* [Problem to work on]: Below, locate the line that contains "привлекательных условиях финансирования.". Repeat exactly from that line to the line that contains "選べる!遊べる!ダイヤモンド", inclusive, leaving out the pictures.

===== Input for this task

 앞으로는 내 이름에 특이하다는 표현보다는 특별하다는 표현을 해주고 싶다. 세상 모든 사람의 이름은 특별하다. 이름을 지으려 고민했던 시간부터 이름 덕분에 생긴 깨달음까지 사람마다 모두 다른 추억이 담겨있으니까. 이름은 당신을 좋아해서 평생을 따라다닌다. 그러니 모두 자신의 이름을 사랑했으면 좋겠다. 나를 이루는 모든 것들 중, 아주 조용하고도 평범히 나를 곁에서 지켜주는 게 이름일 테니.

==========
===== Input for this task

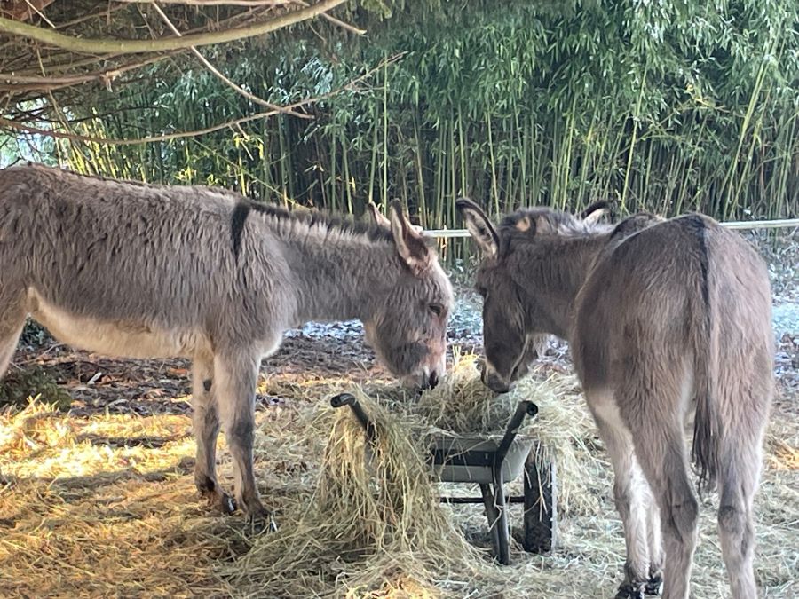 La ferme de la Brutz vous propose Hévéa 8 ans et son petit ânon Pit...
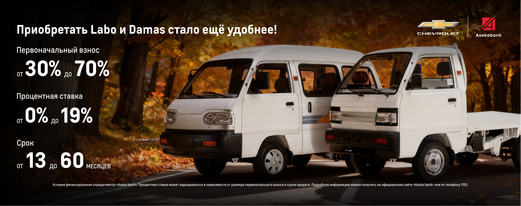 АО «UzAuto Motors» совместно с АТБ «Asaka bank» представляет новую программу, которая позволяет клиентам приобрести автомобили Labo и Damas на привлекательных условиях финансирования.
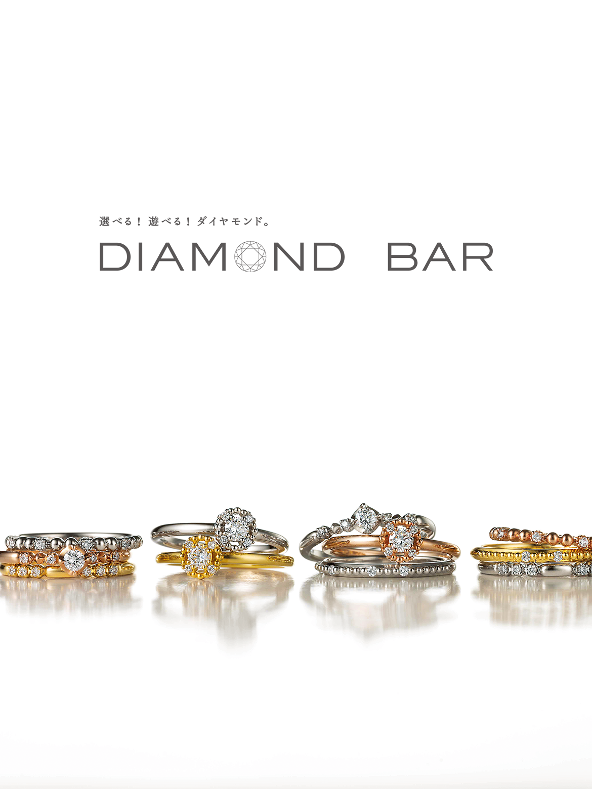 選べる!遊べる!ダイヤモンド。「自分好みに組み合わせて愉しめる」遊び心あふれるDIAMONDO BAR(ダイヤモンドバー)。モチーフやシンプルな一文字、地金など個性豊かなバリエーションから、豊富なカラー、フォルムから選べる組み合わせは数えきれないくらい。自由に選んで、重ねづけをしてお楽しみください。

==========

* [Your solution]:
 АО «UzAuto Motors» совместно с АТБ «Asaka bank» представляет новую программу, которая позволяет клиентам приобрести автомобили Labo и Damas на привлекательных условиях финансирования.
 選べる!遊べる!ダイヤモンド。「自分好みに組み合わせて愉しめる」遊び心あふれるDIAMONDO BAR(ダイヤモンドバー)。モチーフやシンプルな一文字、地金など個性豊かなバリエーションから、豊富なカラー、フォルムから選べる組み合わせは数えきれないくらい。自由に選んで、重ねづけをしてお楽しみください。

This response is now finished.